▸ **Work instructions**
Print the data verbatim. Leave every image out.

▸ **Input data**
·····

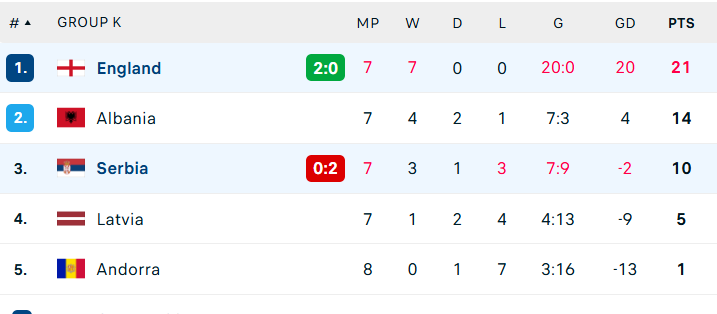 Në minutat që mbetën, kuqezinjtë administruan rezultatin dhe siguruan një fitore të merituar, ndërsa lajmi i mirë erdhi edhe nga ndeshja tjetër e grupit: Anglia mposhti Serbinë 2-0 , duke e konfirmuar Shqipërinë në fazën Play Off të Kupës së Botës.
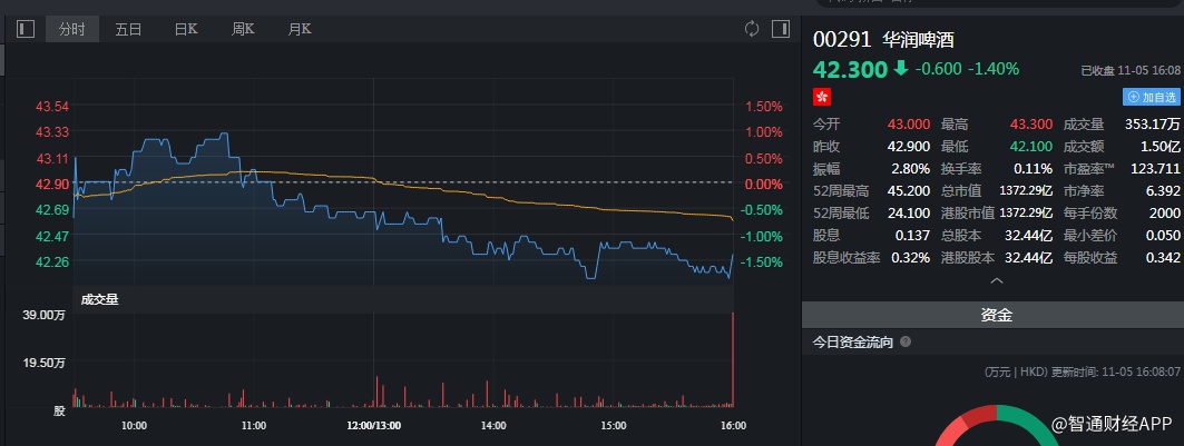 截至今日收盘,华润啤酒(00291)跌1.40%,报42.30港元。
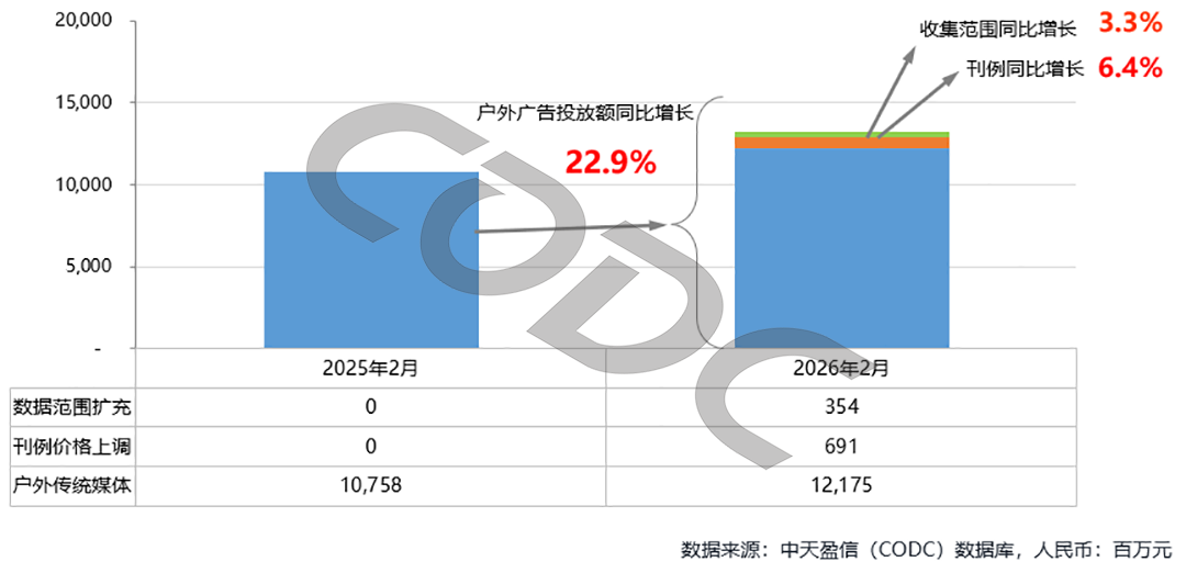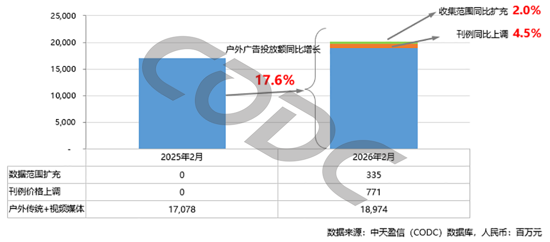 2026年2月,国内经济开局向好,户外广告市场同步迎来强劲复苏,展现出高增长韧性。据CODC户外研究发布的《2026年2月国内户外广告消费动态》显示,当月户外广告投放总额达200.80亿元,同比增长17.6%,虽受季节性因素影响环比减少10.7%,但排除范围扩大与刊例价格增长的干扰后,广告净值同比仍实现11.1%的正向增长,彰显出市场核心增长动力的稳固。
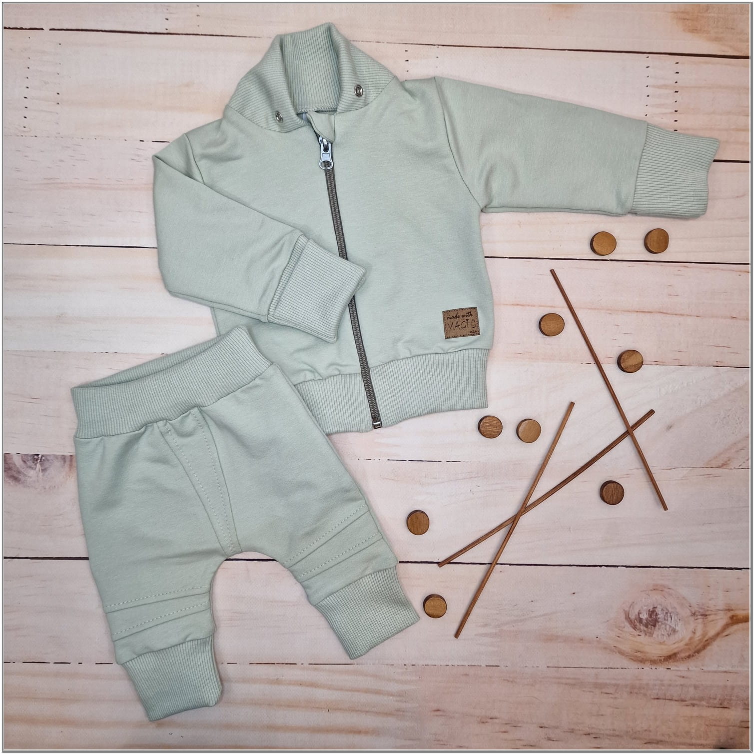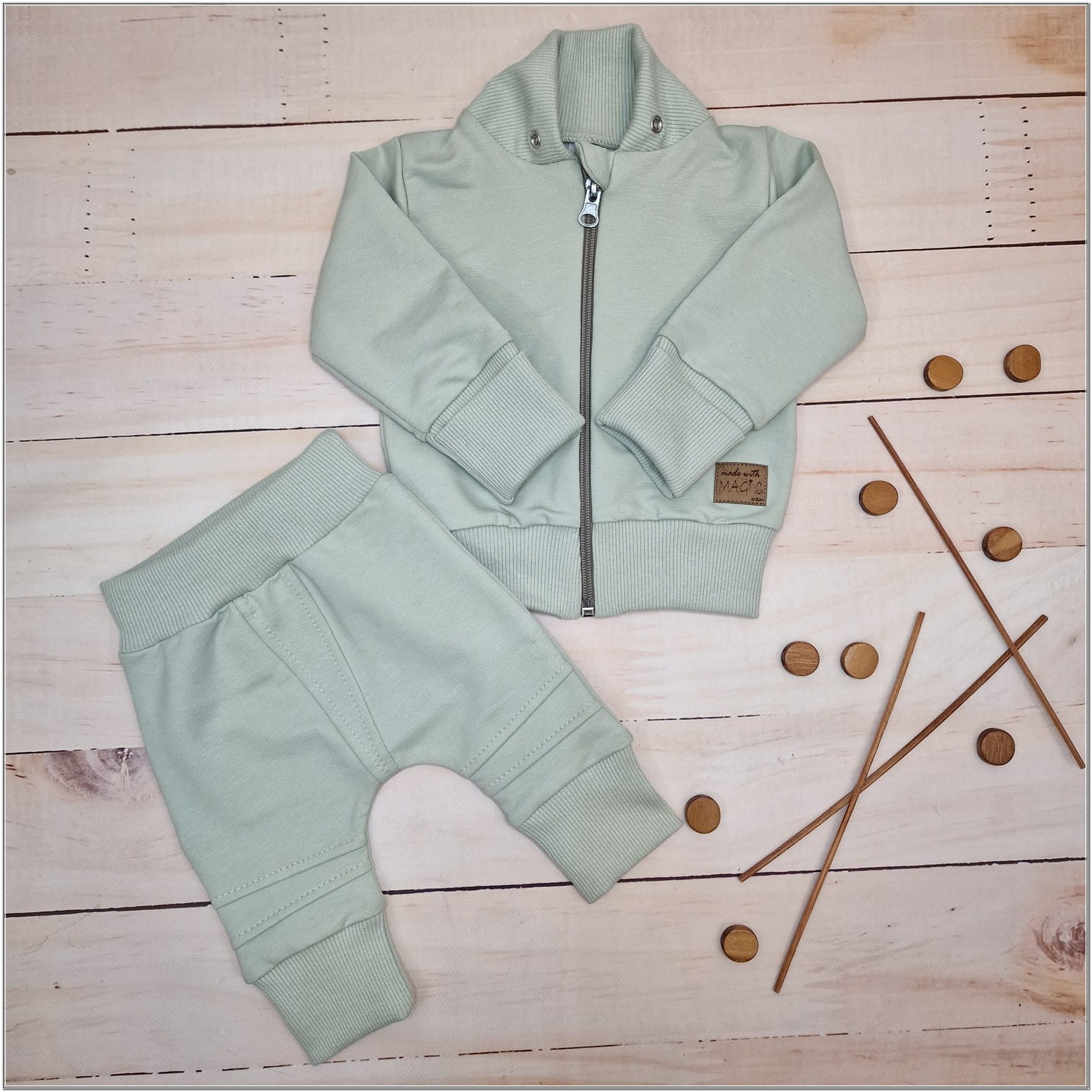 Bawełniany niemowlęcy 2-częściowy dresik w rozmiarach 56,62,68,74,80,86 rosnący z dzieckiem

·····

▸ **Result of the exercise**
 Në minutat që mbetën, kuqezinjtë administruan rezultatin dhe siguruan një fitore të merituar, ndërsa lajmi i mirë erdhi edhe nga ndeshja tjetër e grupit: Anglia mposhti Serbinë 2-0 , duke e konfirmuar Shqipërinë në fazën Play Off të Kupës së Botës.
 截至今日收盘,华润啤酒(00291)跌1.40%,报42.30港元。
 2026年2月,国内经济开局向好,户外广告市场同步迎来强劲复苏,展现出高增长韧性。据CODC户外研究发布的《2026年2月国内户外广告消费动态》显示,当月户外广告投放总额达200.80亿元,同比增长17.6%,虽受季节性因素影响环比减少10.7%,但排除范围扩大与刊例价格增长的干扰后,广告净值同比仍实现11.1%的正向增长,彰显出市场核心增长动力的稳固。
 Bawełniany niemowlęcy 2-częściowy dresik w rozmiarach 56,62,68,74,80,86 rosnący z dzieckiem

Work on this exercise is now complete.